Not all molds produce mycotoxins. In fact only several do.

Mycotoxins are the mold’s defense mechanism. Because other molds are competing for the food source the bad molds compete for the food source using the mycotoxins. How the mycotoxins attack other molds goes in a scientific depth not needed here however they do produce toxic, immunosuppressive and carcinogenic substances. These substances not only attack other molds they can attack humans.

Mycotoxins can cause a variety of short term as well as long-term health effects, ranging from immediate toxic response to potential long term carcinogenic effects. Symptoms due to exposure to mycotoxins include but are not limited to dermatitis, cold and flu symptoms, sore throats, headaches, fatigue, diarrhea and impaired or altered immune functions.

Mycotoxins are very small and cannot be detected visually and with a standard mold test. There are several Mycotoxins that can go airborne. These are Ochratoxins, Aflatoxins and Trichothecenes.

The good news they are Doctors who can test to see if these three mycotoxins are in your body by taking a blood and urine sample. If they are can they be tested in your home where most likely they were generated from? Yes they can.

When we test for mold spores they may or may not show up in an air sample. The right conditions are needed for the mold to release it spores. However if the mold is one of the toxic molds the Mycotoxins will show up no matter where the mold is growing or whether it is visible or not.


There are five categories of toxic mold. They are Cladosporium, Penicilium, Fusarium, Aspergillus, and Stachybotrys. Some of the species included in these categories may only cause hay fever-like allergic reactions, while others can cause potentially deadly illnesses. All five of these mold families can be found lurking indoors, in damp spaces.

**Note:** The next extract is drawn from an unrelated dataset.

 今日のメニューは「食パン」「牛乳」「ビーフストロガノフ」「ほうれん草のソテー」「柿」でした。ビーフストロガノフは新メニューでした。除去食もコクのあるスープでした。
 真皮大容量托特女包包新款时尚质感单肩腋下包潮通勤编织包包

Each has its own particular characteristics that can greatly affect whatever organism or material it contacts. Indoor mold is not always obvious. Mold can manifest on hidden surfaces, such as wallpaper, paneling, the top of ceiling tiles, and underneath carpet.

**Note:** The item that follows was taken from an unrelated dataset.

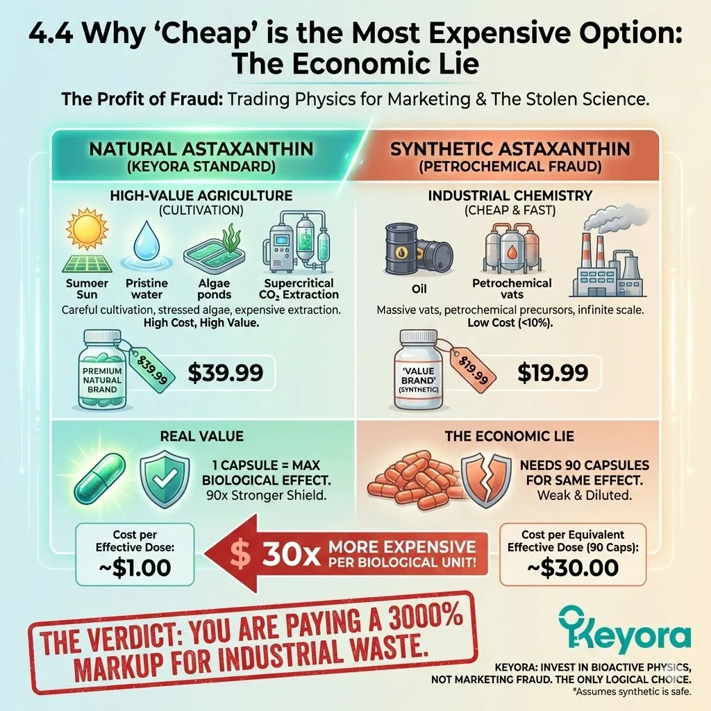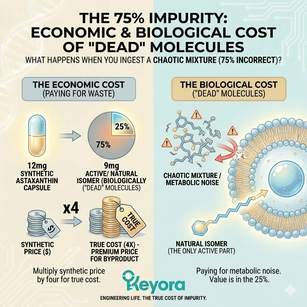 The cost of this chaos is not just financial. It is biological. Every day you take a sub-therapeutic, synthetic, or oxidized supplement is a day you are not paying down The Oxidative Debt.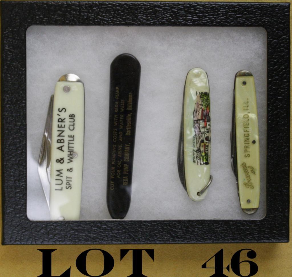 Lot of four collector advertising folding knives in a riker case including a Souvenir of Springfield, Ill. knife, a “Lum & Abner’s Spit & Whittle Club”, a Reda Pump Co., Bartlesville, Oklahoma knife and a souvenirknife from Scotty’s Castle in Death Valley. Est.: $50-$75.

The toxin produced by Stachybotrys chartarum is the most deadly. It has been tied to diseases as minor as hay fever, to those as serious as liver damage, pulmonary edema, and in the most severe cases, brain or nerve damage and even death. It has also been linked to severe illness in infants. Those with compromised immune systems, small children, and the elderly are highly susceptible to illness when they come in contact with this species of mold. Some symptoms associated with exposure to Stachybotrys include:

respiratory issues
nasal and sinus congestion
eye irritation
sore throat
hacking cough
chronic fatigue
central nervous system issues
aches and pains

Cladosporium, Fusarium, and Penicillium

These mold families have been connected to illnesses such as nail fungus, asthma, and also infections of the lungs, liver, and kidneys. Additionally, Fusarium may cause gastrointestinal illnesses, and even illness which affect the female reproductive system. Chronic cases of Cladosporium may produce pulmonary edema and emphysema.

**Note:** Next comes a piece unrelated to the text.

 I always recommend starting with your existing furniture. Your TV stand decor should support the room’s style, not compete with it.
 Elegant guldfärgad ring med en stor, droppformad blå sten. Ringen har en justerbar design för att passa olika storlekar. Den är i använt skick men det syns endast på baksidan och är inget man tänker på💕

The least serious of the toxic mold groups, the Aspergillus mold family consists of over 160 species. Only 16 of those cause illness in humans, none of which are fatal if treated.

Toxic molds produce chemicals during their natural growth that are classified as toxins or poisons. The types that have been found to have profound effects on human health, are given the label of "toxic mold."

Toxic molds are all very dangerous if allowed to grow inside the home. Proper precautions should be taken to prevent and eliminate their growth. These measures should include eliminating every material that nourishes the molds, such as old remodeling materials left in a basement. Also, never try to determine the type of mold in your home. Contact a professional to test any mold colony you may find, and consult with your family physician.